▸ ACTION ITEM
Your answer should be each line of the entries that contains the word "this", copied in full.
[DATA FOR PROCESSING Boundary: Start]
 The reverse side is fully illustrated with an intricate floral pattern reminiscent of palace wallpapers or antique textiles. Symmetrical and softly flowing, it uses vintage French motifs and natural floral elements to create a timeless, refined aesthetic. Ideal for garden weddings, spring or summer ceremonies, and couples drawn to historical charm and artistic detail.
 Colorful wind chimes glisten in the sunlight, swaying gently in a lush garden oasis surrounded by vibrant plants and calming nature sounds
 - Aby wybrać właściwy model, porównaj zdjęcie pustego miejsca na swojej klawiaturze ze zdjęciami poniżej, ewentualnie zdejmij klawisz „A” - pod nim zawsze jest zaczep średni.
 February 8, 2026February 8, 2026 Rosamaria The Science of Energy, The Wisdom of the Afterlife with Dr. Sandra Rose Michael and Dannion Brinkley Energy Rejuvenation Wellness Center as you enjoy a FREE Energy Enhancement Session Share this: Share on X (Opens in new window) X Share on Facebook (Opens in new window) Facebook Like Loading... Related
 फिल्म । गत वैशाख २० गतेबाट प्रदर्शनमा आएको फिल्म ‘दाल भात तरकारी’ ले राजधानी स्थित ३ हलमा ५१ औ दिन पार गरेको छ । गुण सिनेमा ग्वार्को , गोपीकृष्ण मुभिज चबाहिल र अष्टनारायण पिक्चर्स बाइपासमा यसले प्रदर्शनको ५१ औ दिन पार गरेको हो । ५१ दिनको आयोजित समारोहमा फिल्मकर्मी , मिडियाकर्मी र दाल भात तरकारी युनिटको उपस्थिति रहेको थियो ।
[DATA FOR PROCESSING Boundary: End]
[DATA FOR PROCESSING Boundary: Start]
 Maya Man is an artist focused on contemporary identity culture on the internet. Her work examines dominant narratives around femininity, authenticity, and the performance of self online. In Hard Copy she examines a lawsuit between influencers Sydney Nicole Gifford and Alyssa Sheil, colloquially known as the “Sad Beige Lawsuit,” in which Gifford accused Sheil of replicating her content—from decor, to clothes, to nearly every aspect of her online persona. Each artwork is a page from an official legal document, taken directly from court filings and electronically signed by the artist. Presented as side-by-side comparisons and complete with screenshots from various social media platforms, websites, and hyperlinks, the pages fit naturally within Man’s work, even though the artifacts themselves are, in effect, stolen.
[DATA FOR PROCESSING Boundary: End]
[DATA FOR PROCESSING Boundary: Start]
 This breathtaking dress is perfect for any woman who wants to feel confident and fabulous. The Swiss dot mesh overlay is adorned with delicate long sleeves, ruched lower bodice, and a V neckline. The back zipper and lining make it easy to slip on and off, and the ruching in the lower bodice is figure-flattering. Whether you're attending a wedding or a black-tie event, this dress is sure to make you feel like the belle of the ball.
[DATA FOR PROCESSING Boundary: End]
▸ ANSWER
 February 8, 2026February 8, 2026 Rosamaria The Science of Energy, The Wisdom of the Afterlife with Dr. Sandra Rose Michael and Dannion Brinkley Energy Rejuvenation Wellness Center as you enjoy a FREE Energy Enhancement Session Share this: Share on X (Opens in new window) X Share on Facebook (Opens in new window) Facebook Like Loading... Related
 This breathtaking dress is perfect for any woman who wants to feel confident and fabulous. The Swiss dot mesh overlay is adorned with delicate long sleeves, ruched lower bodice, and a V neckline. The back zipper and lining make it easy to slip on and off, and the ruching in the lower bodice is figure-flattering. Whether you're attending a wedding or a black-tie event, this dress is sure to make you feel like the belle of the ball.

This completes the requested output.